• What is being asked:
Reproduce exactly, and only, the lines of the material below running from the line bearing "Yuandian Damen Latzjeans" through the line bearing "Pop up Backwall". Leave any pictures out.

• Entries supplied:
********************

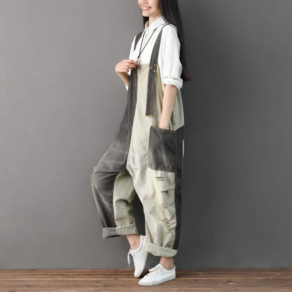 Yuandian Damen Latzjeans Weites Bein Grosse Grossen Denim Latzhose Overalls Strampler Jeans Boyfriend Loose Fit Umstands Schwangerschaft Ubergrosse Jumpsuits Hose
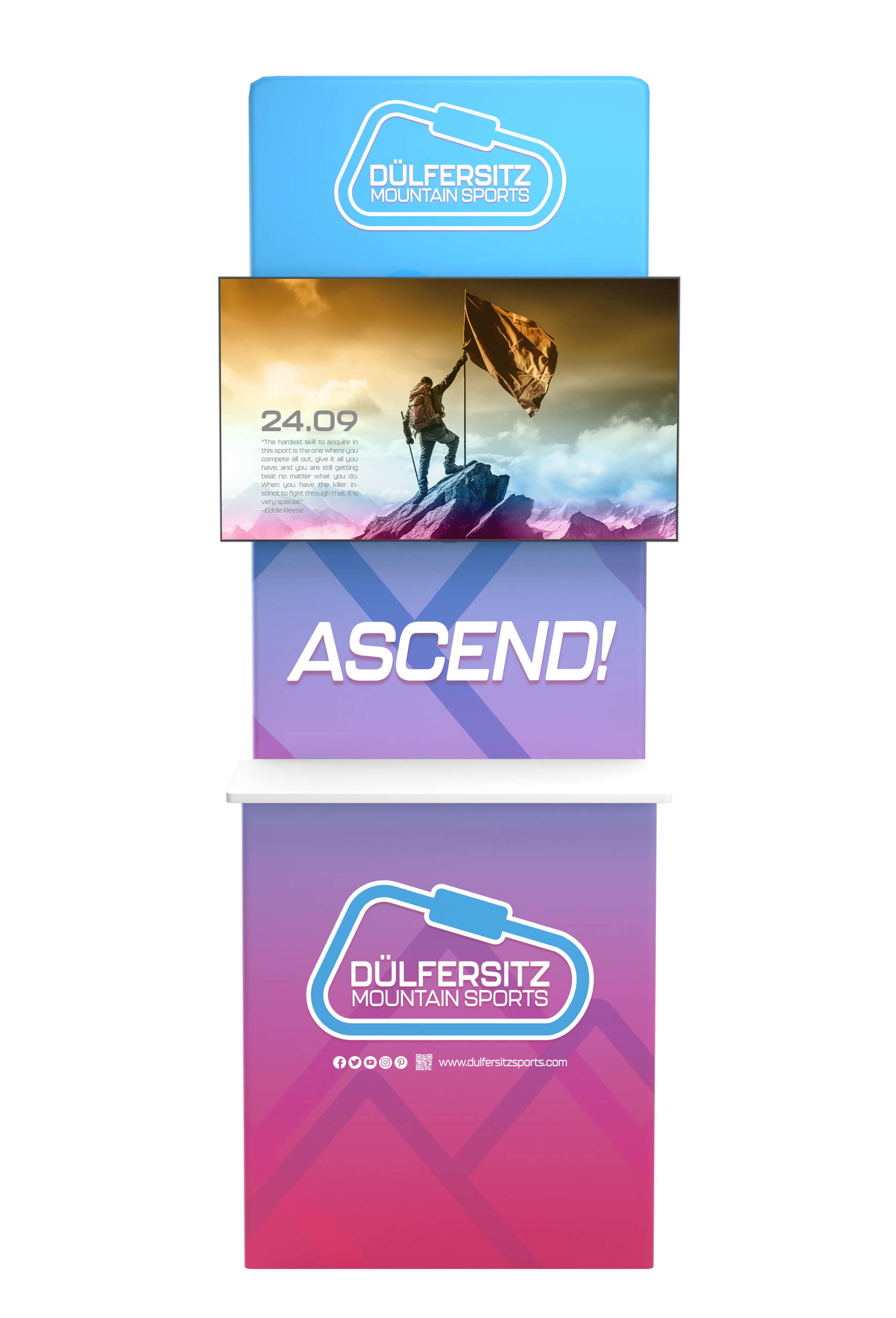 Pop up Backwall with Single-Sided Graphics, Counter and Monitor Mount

********************

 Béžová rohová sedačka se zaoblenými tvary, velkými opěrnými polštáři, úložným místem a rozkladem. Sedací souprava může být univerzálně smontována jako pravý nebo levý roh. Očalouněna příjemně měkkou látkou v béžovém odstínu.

********************

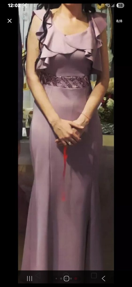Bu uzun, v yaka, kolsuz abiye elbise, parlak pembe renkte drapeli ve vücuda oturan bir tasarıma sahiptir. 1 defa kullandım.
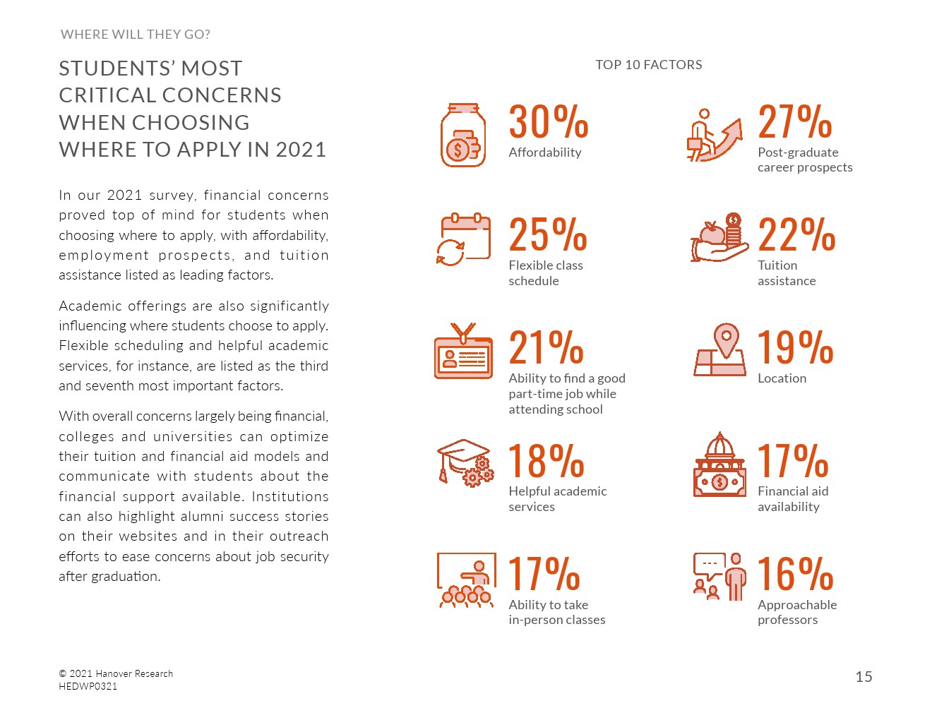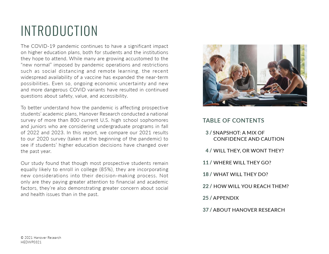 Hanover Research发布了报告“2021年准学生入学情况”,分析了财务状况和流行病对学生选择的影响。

********************

• Output of the exercise:
 Yuandian Damen Latzjeans Weites Bein Grosse Grossen Denim Latzhose Overalls Strampler Jeans Boyfriend Loose Fit Umstands Schwangerschaft Ubergrosse Jumpsuits Hose
 Pop up Backwall with Single-Sided Graphics, Counter and Monitor Mount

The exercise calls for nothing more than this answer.